#### [THE PROBLEM]
What you return must be the lines from the first one below through the one containing "左脚稍向左前方移步,全脚掌踏 实,重心前移成左弓步;同时,上体 左转(胸向东南);随体转左手向左、", exactly and with pictures excluded.

=== DATA IN THIS EXERCISE ===

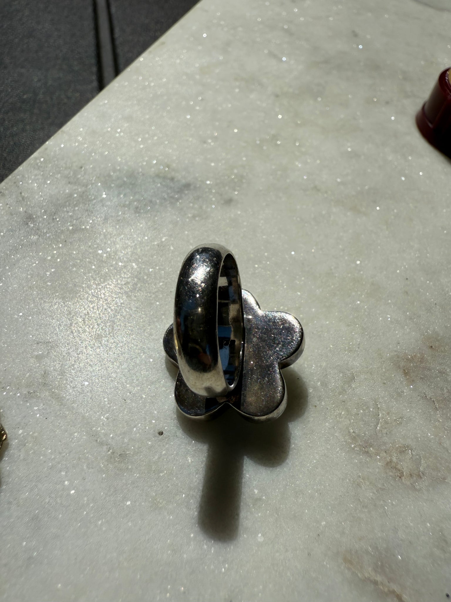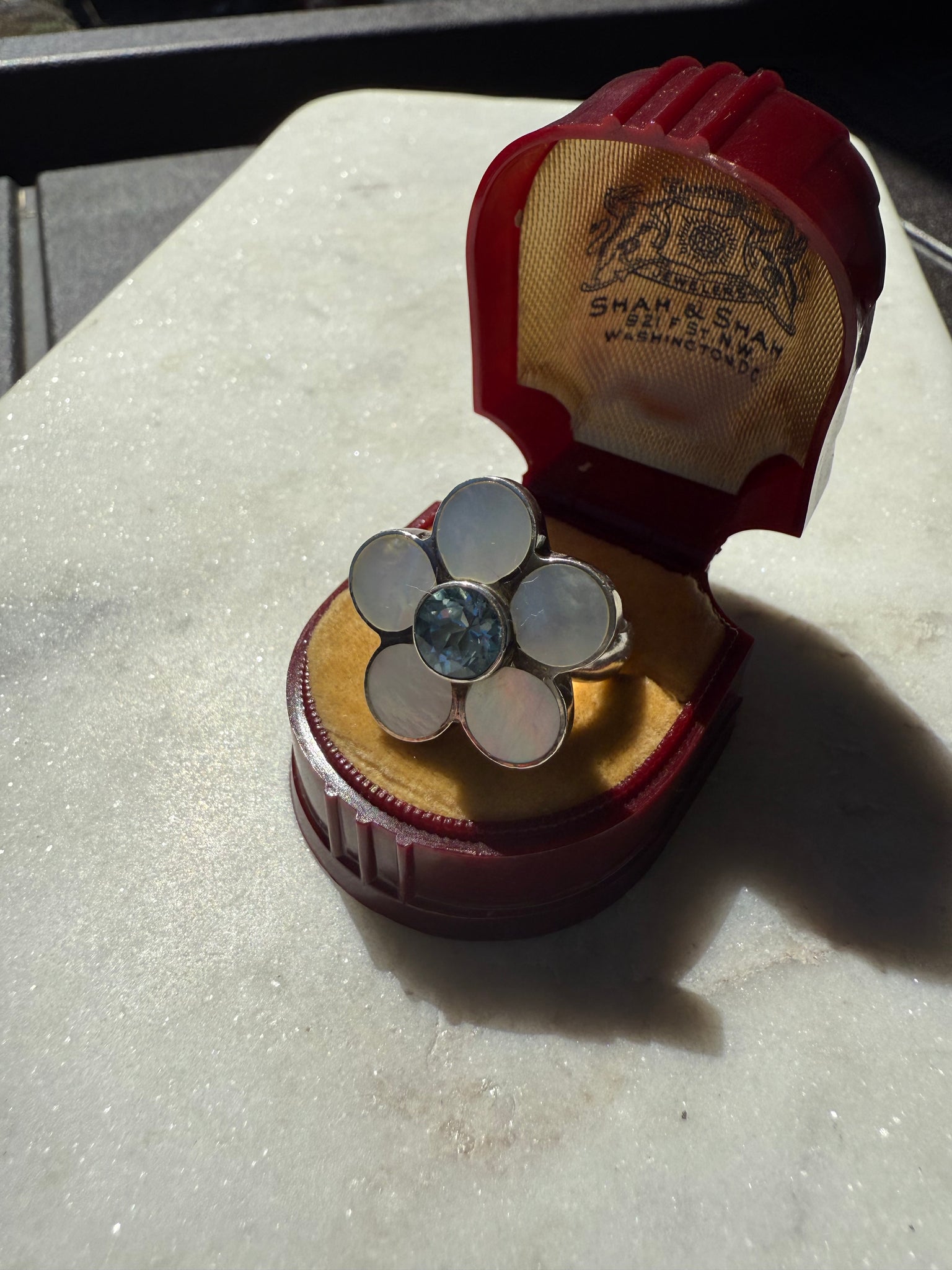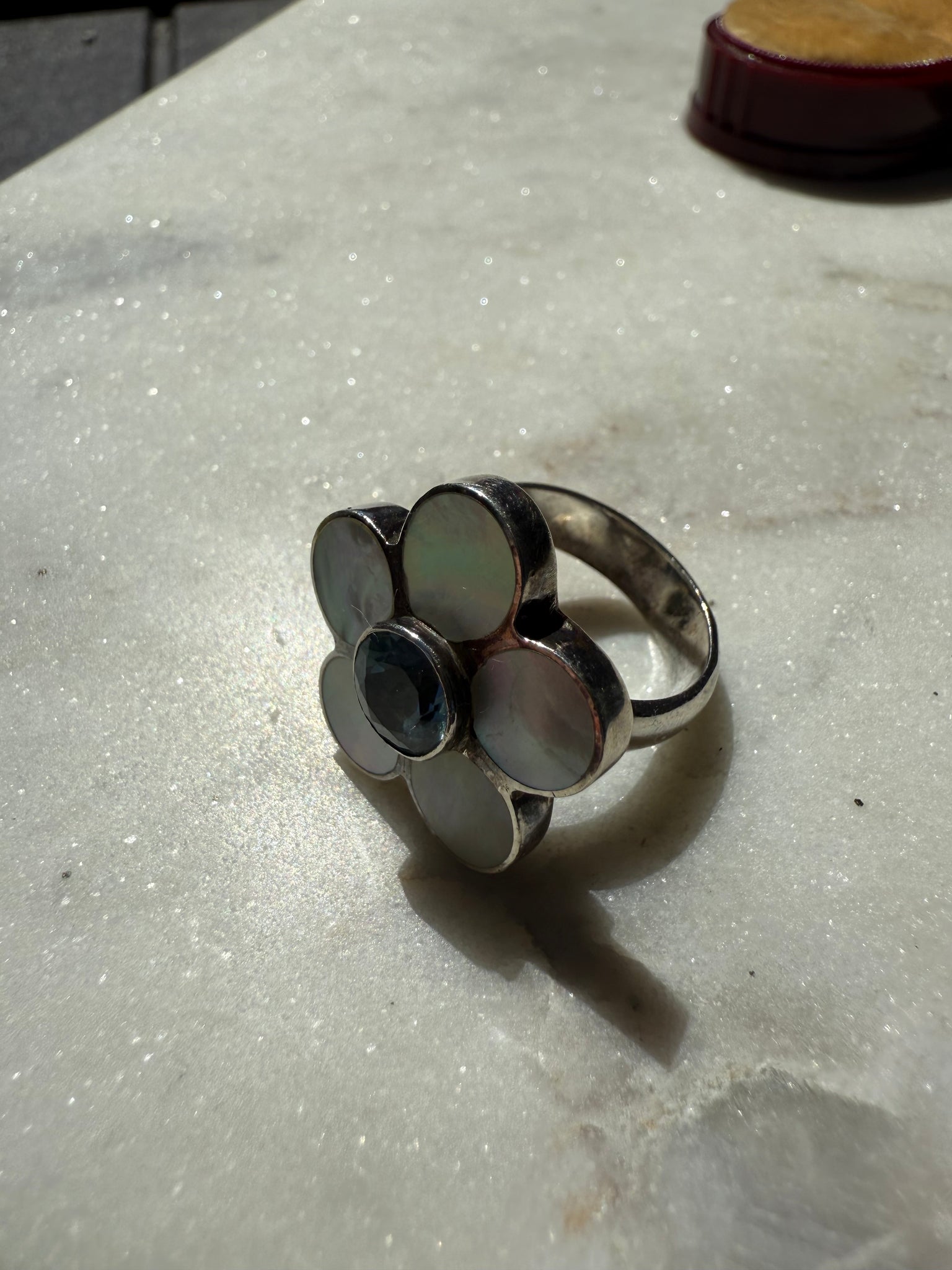 Mother of Pearl & Blue Topaz Flower Ring Size 7
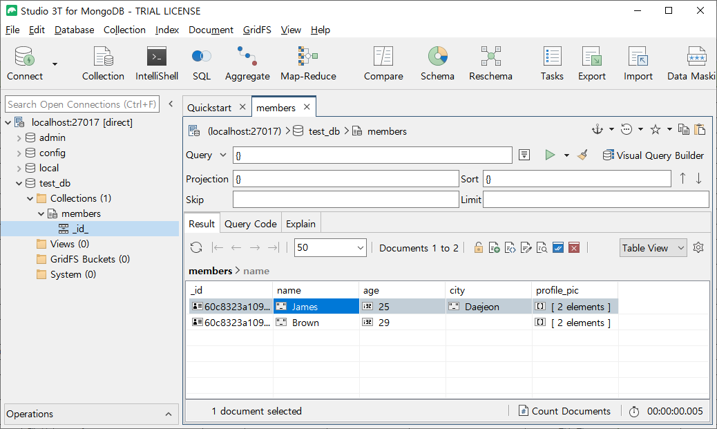 {'_id': ObjectId('60c8323a10918f591d9a79ba'), 'name': 'James', 'age': 25, 'city': 'Daejeon', 'profile_pic': ['pic_a.png', 'pic_b.png']}
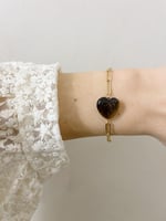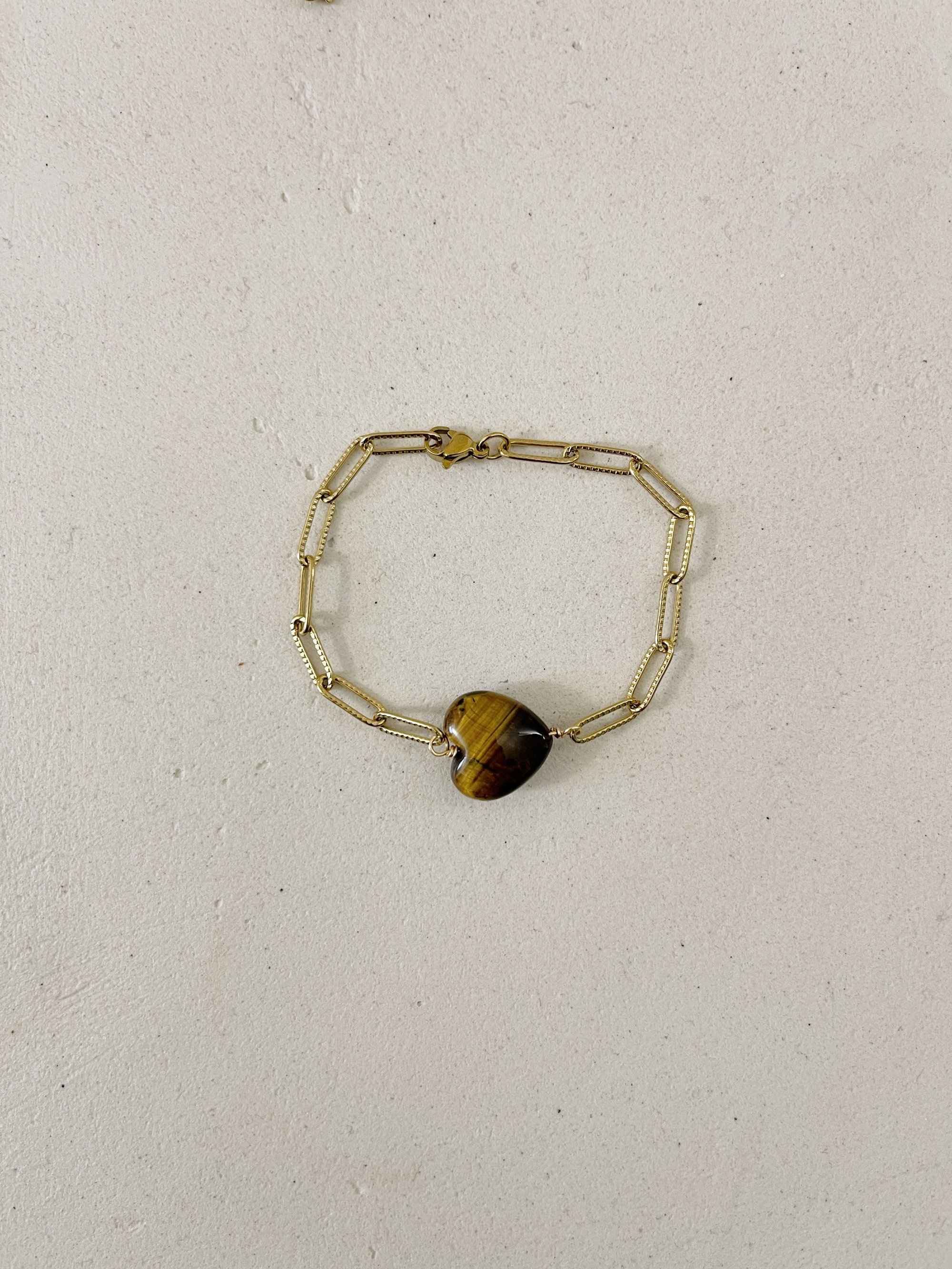 Le bracelet Cœur est composé d’une chaîne maillons ovales et d’un cœur en œil de tigre
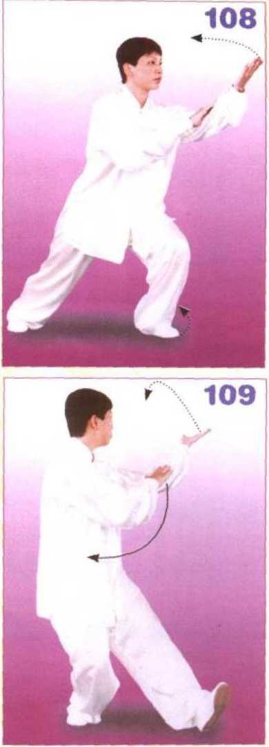 左脚稍向左前方移步,全脚掌踏 实,重心前移成左弓步;同时,上体 左转(胸向东南);随体转左手向左、 向前、向上划弧伸出,腕与肩同高, 手心斜向上;右手向右附于左前臂内 侧;眼看左手。(图108)
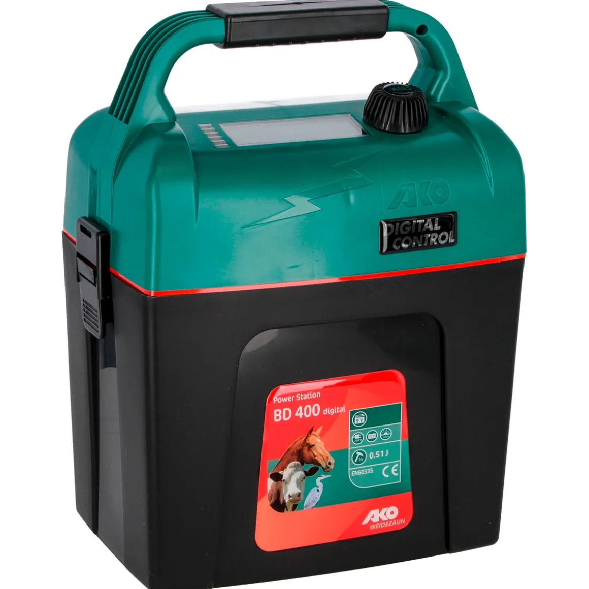Sichern Sie Ihre Weide mit dem Powerstation-Batteriegerät BD digital 400 in schwarz-grün und halten Sie unerwünschte Tiere fern.
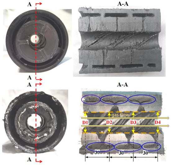 Erosion was also observed along the oxidizer flow channel at the outer wall, as indicated by the regions in the blue circles in Figure 5. This effect may have been caused by a low oxidizer flow velocity that allowed the flame to migrate into the oxidizer channels along the blades, as a consequence of the countercurrent flame propagation mechanism in this grain [,,,]. This phenomenon was expected to complicate subsequent evaluation of the fuel regression rate.
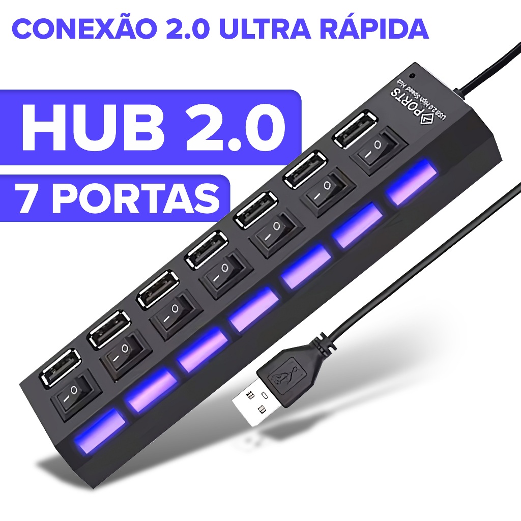 Hub Usb 3.0 Profissional 7 Portas Com Interruptor Extensão Régua Alta Velocidade Seletor Pc Externo Hd Pendrive Teclado
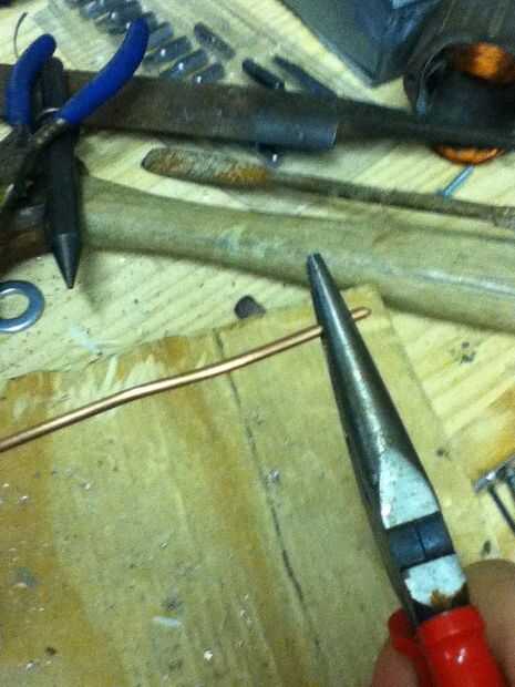 Tomar el otro extremo del cable y usando las pinzas, dobla hacia el bucle.
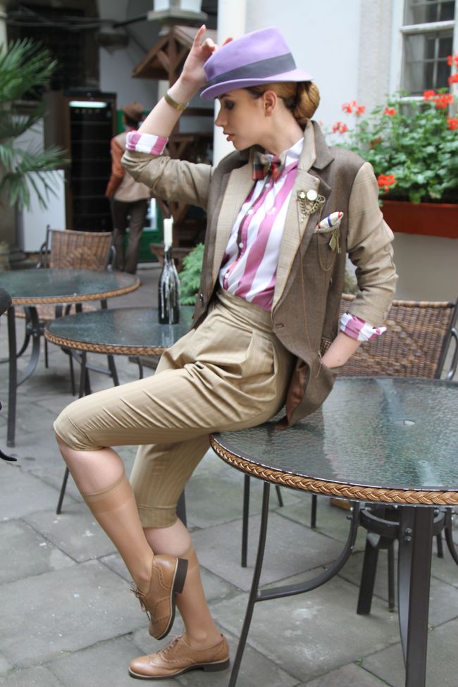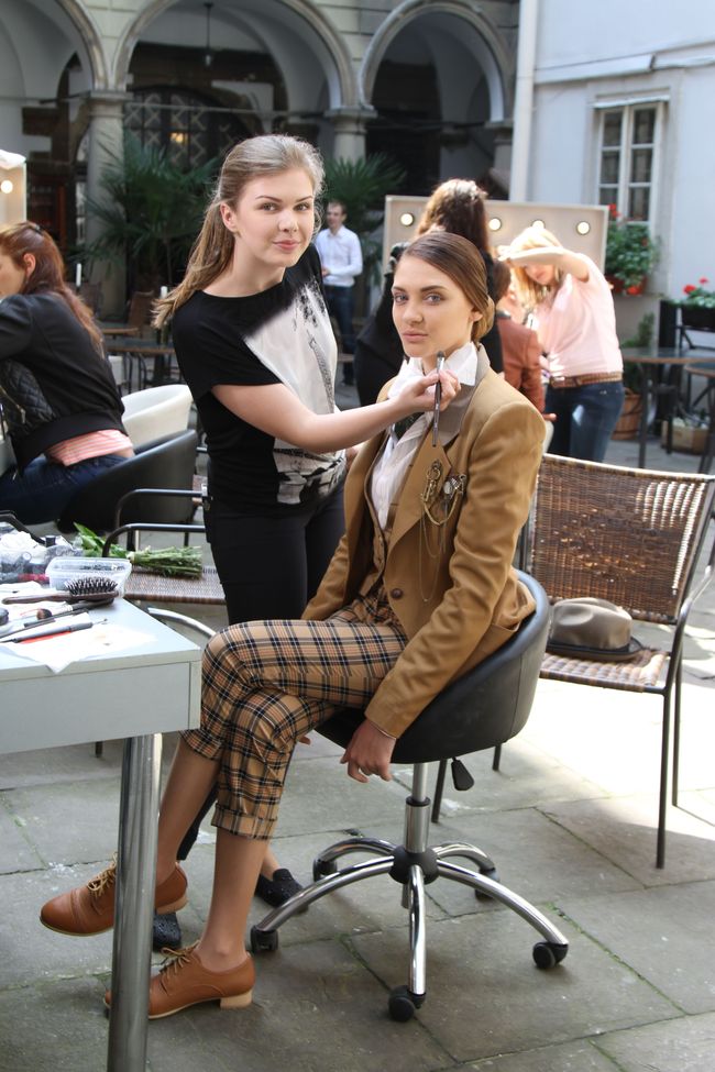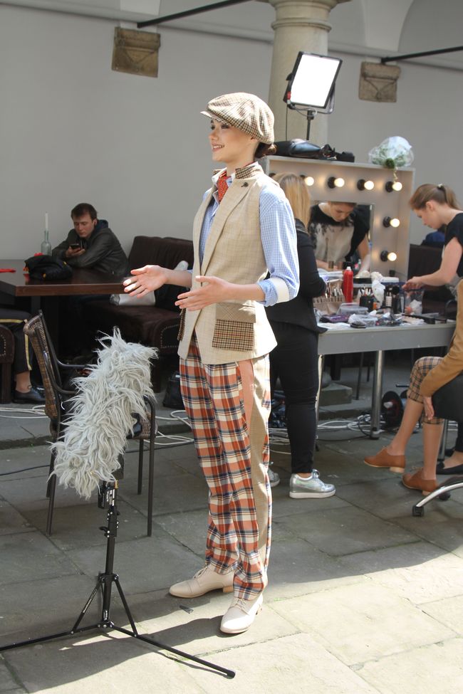 В это же время съемочная группа вместе с гримерами и костюмерами уже ждала участниц в итальянском дворике. И когда Алла озвучила задание – моделям предстояло выступить в мужских образах, но при этом сохранить женственность – работа пошла полным ходом. Девушек стали готовить к дефиле. На протяжении нескольких часов им делали макияж, одевали и причесывали. Основу образов составили узкие брюки, стильные рубашки, жилетки и пиджаки. Штиблеты, бабочки и шляпы дополняли их.

===

#### [COMPLETED TASK]
 Mother of Pearl & Blue Topaz Flower Ring Size 7
 {'_id': ObjectId('60c8323a10918f591d9a79ba'), 'name': 'James', 'age': 25, 'city': 'Daejeon', 'profile_pic': ['pic_a.png', 'pic_b.png']}
 Le bracelet Cœur est composé d’une chaîne maillons ovales et d’un cœur en œil de tigre
 左脚稍向左前方移步,全脚掌踏 实,重心前移成左弓步;同时,上体 左转(胸向东南);随体转左手向左、 向前、向上划弧伸出,腕与肩同高, 手心斜向上;右手向右附于左前臂内 侧;眼看左手。(图108)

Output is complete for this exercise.